Do you want to light a subject but don’t have access to a studio or lots of lighting? No problem. You can use any single light source—from a window to a speedlight to a table lamp as in the example shown here—and create beautiful and nuanced studio-style lighting for inanimate objects. The secret is in the shadows because that’s what provides the shape and definition of the object. Position your light at, say, a 45-degree angle camera left such that it’s illuminating the subject from a quartering position. (If the subject is a cube shape with very distinct sides, position the light so that it’s illuminating one of those sides—the one you’d like to be most prominent.)
Step two is to light the remaining sides and/or top of the scene to prevent them from falling into deep shadow. For this, you’ll simply use reflectors. A white card or pop-up reflector is perfect for this. Place the reflector close to the side that you’ like filled in strongest, but be sure to provide enough distance that the shadow is distinct. Too much fill minimizes that shadow and eliminates the sense of shape we’re trying to achieve. For the third plane, place another white card reflector, but this time try to make sure that it’s closer or farther from the subject than the other reflector. This will sure that it appears tonally different, a bit lighter or darker than the first filled side. These three distinct lighting levels are crucial for making an object appear deliberately illuminated, and they can be done with just one light and two cheap paper reflectors.
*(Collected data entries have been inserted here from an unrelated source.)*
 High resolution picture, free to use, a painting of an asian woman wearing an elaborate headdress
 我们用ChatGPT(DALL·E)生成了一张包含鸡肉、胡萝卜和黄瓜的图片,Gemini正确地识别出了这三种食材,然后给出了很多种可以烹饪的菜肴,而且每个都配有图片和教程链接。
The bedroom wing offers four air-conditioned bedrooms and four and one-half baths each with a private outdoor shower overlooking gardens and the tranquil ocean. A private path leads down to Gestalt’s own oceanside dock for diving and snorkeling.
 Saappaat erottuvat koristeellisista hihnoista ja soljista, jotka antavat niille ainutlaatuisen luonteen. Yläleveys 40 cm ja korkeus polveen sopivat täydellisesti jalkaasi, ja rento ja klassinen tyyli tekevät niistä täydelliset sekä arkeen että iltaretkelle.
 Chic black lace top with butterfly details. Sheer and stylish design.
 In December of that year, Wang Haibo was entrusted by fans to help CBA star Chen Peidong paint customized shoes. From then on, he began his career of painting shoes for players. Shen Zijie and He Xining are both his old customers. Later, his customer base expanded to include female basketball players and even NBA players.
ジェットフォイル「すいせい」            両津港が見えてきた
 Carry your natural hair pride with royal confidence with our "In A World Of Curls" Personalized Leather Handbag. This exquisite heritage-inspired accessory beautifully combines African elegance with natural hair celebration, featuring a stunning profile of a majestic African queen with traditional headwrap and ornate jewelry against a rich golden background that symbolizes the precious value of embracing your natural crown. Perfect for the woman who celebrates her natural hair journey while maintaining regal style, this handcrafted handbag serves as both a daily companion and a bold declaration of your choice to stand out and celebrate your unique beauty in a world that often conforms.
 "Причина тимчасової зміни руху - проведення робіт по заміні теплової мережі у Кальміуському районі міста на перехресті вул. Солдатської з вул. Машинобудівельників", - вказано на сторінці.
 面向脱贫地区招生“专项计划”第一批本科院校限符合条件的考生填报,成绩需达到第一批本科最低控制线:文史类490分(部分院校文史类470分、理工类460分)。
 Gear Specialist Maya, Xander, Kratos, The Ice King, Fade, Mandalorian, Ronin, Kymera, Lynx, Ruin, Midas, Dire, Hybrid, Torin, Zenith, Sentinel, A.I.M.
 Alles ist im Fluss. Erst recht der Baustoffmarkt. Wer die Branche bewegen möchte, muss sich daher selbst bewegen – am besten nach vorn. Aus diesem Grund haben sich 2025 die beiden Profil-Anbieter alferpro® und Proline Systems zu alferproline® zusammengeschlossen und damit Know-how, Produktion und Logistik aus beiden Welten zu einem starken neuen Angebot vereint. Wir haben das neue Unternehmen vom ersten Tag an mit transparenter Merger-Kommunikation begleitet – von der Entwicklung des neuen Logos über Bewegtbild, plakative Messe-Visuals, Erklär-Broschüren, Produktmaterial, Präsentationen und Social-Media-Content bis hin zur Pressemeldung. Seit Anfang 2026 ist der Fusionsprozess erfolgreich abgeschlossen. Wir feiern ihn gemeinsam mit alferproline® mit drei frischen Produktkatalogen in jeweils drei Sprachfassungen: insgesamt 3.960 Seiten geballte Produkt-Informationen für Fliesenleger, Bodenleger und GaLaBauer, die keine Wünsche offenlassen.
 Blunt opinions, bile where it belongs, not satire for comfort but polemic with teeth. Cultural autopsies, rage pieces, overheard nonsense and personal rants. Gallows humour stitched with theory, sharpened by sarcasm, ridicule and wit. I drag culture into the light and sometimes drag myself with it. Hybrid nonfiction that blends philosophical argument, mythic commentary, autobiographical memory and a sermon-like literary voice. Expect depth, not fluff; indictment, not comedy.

Want to make diffused strobe light without an umbrella or softbox? No problem. All you need is a white wall or ceiling so you can bounce the strobe to diffuse it. The main reason speedlights are adjustable is in order to point them up at the white ceilings that are so often overhead. This indirect flash position effectively turns the ceiling into a broad soft light source. I find it helpful to think of any reflector, whether it’s a Litedisc or a white card or a ceiling, as an actual light source itself. Because that’s what it is as far as the subject is concerned. When you aim your tiny little flash at a white ceiling, that flash spreads out over several square feet as it illuminates the ceiling.
In practice, that large area effectively becomes the new light source. And it’s a big one, so it acts just like a big softbox or umbrella or cloudy sky to diffuse the light. This is especially helpful for portraits, for which soft lighting is so often key to flattering skin tones and happy subjects. It’s also very useful for any situation in which a specular light source (the small, pinpoint light from a flash, for instance) would be distracting—such as shiny surfaces. I’d go so far as to say there’s almost no situation in which a flash doesn’t look better bounced off of a wall or ceiling, especially compared to that flash mounted on the camera and aimed directly at the subject. And it’s such a simple fix!